Il ne veut pas qu’on confonde son matérialisme scientifique avec le matérialisme moral et préfère donner à sa doctrine le nom moins décrié de monisme, et nous avons vu précédemment comment tour à tour il nie et affirme le devoir.

C’est ainsi que ce monisme oscille perpétuellement entre le réalisme et l’idéalisme, dont il ambitionne pourtant d’être la synthèse définitive.

À côté de ces contradictions, dont nous aurions pu étendre la liste, la philosophie de Hæckel présente un vice capital, qui lui enlève toute autorité auprès des intelligences philosophiques, et auprès de celles du moins que la critique de Kant a éclairées sur les véritables conditions de la recherche philosophique. Elle ne repose sur aucune critique ni sérieuse ni complète des principes de la connaissance : elle applique les règles de la pensée, du moins de la pensée scientifique, sans en avoir examiné les titres.

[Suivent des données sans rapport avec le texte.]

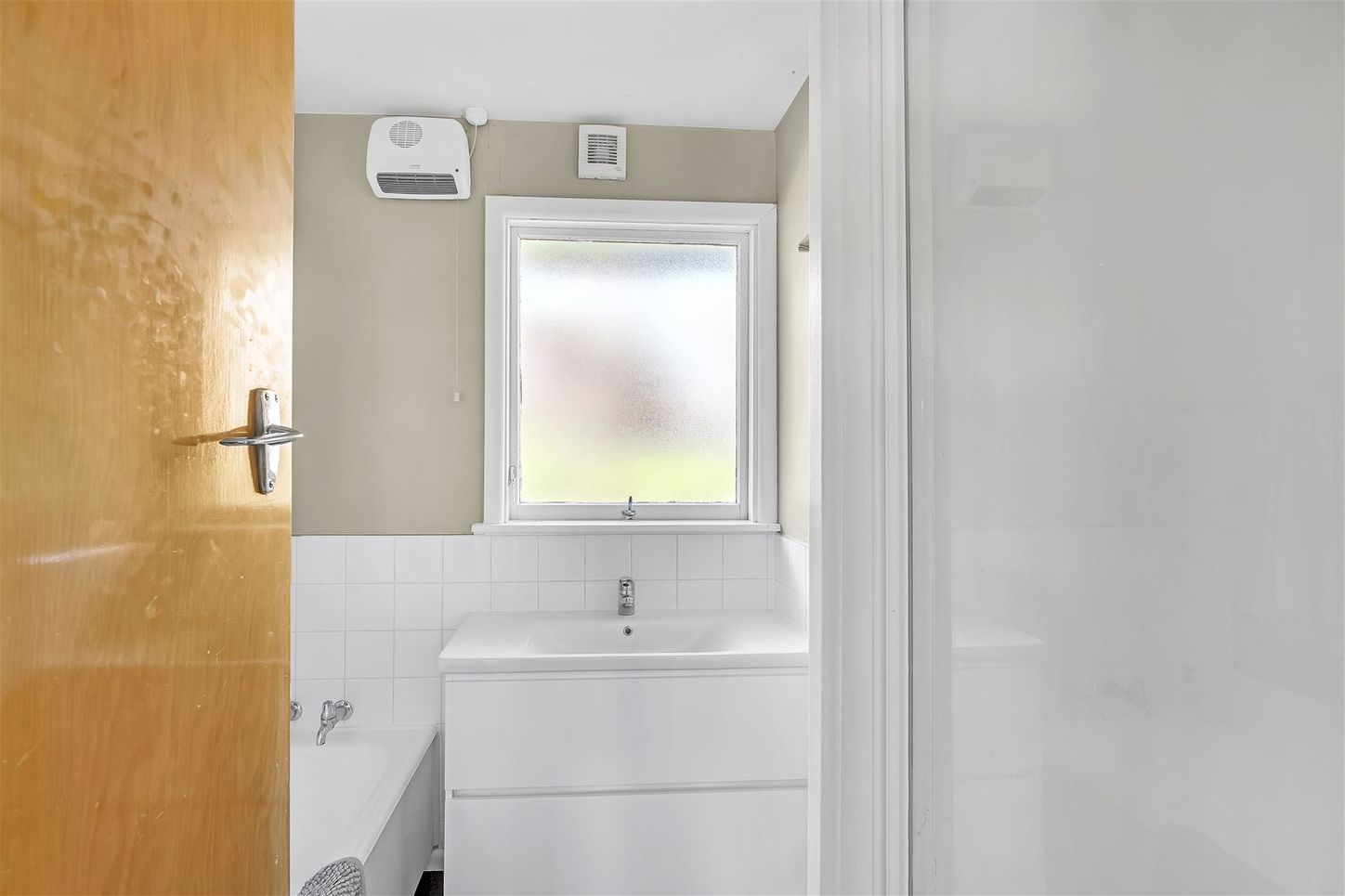 Bathroom has a separate shower and bath. The toilet is separate.

Par là, elle se rapproche du positivisme vulgaire, qui croit suffisamment démontrer la pensée par l’application qu’il en fait, comme ce philosophe antique qui prouvait le mouvement en marchant.

S’il fallait résumer nos critiques en quelques mots, nous dirions que le monisme scientifique de Hæckel associe aux lacunes et aux contradictions de la philosophie positive des témérités spéculatives qui rappellent dans un autre genre la philosophie de la nature.

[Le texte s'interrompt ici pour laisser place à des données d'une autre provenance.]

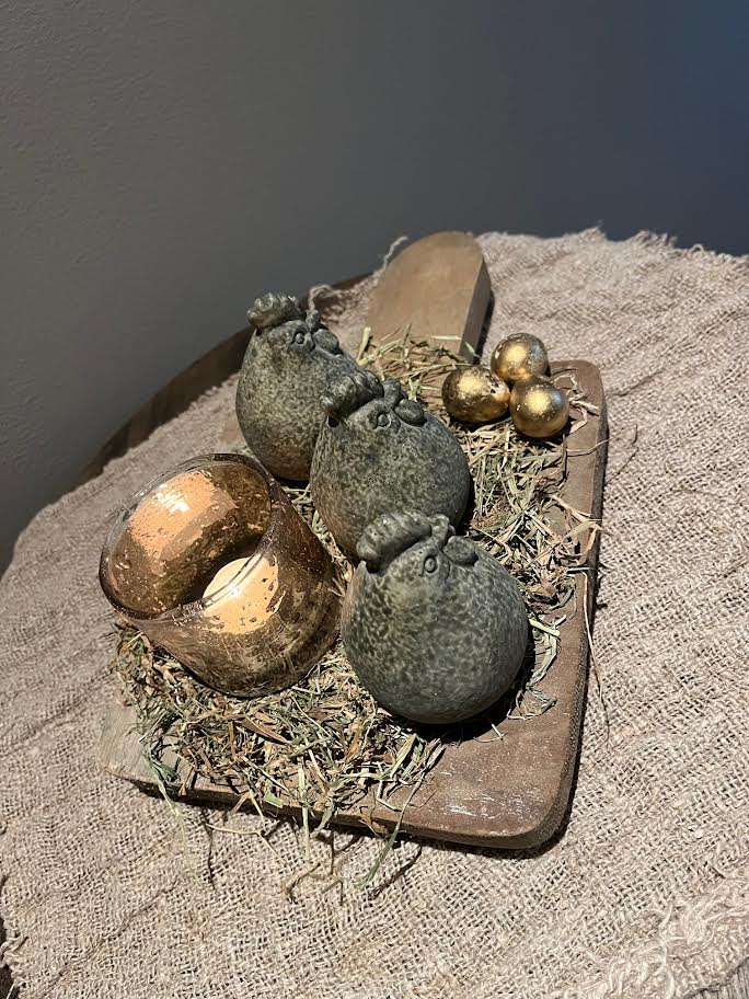 Mooie robuuste old wood tapasplank met 3 kleine kippetjes en bubble glaasje. Op de plank ligt hooi en een aantal eitjes.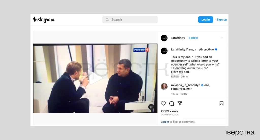Корреспондент «Вёрстки» несколько раз переписывалась с Екатериной Соловьёвой. Режиссер отказалась комментировать свои отношения с отцом и творческую деятельность, сказав, что переживает за безопасность участников своих проектов.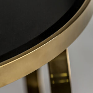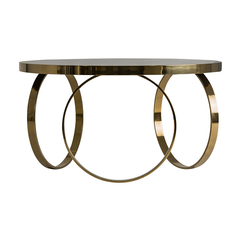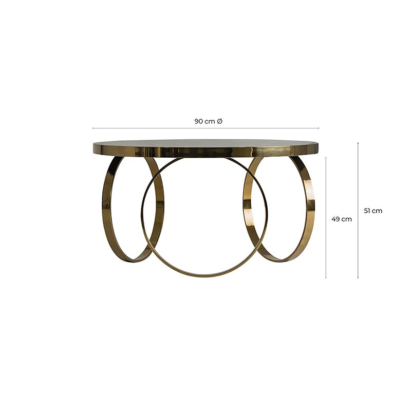 Mesa de centro reda en color oro brillo de estilo art deco. Fabricado en espejo combinado con madera dm y acero. Producto desmontable.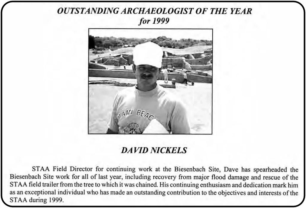 "STAA Field Director for continuing work at the Biesenbach Site, Dave [David Nickels] has spearheaded the Biesenbach Site work for all of last year...His continuing enthusiasm and dedication mark him as an exceptional individual who has made an outstanding contribution to the objectives and interests of the STAA during 1999." La Tierra 2000, Vol. 27-1

Malgré ces défauts, la doctrine nouvelle répondait trop à l’enthousiasme scientifique du temps pour que de nombreuses adhésions ne répondissent pas à l’appel de Hæckel. Aucune ne fut plus éclatante que celle de l’illustre Strauss.

II

Strauss.

L’Ancienne et la Nouvelle foi (1872) ne causèrent pas un moindre scandale que ne l’avait fait plus de trente-cinq ans auparavant la Vie de Jésus (1835) du même auteur. On peut juger par la différence des deux ouvrages du chemin qu’avait parcouru l’esprit du siècle. L’ancien disciple de Hegel se révélait tout à coup le plus résolu partisan de Darwin et de Hæckel.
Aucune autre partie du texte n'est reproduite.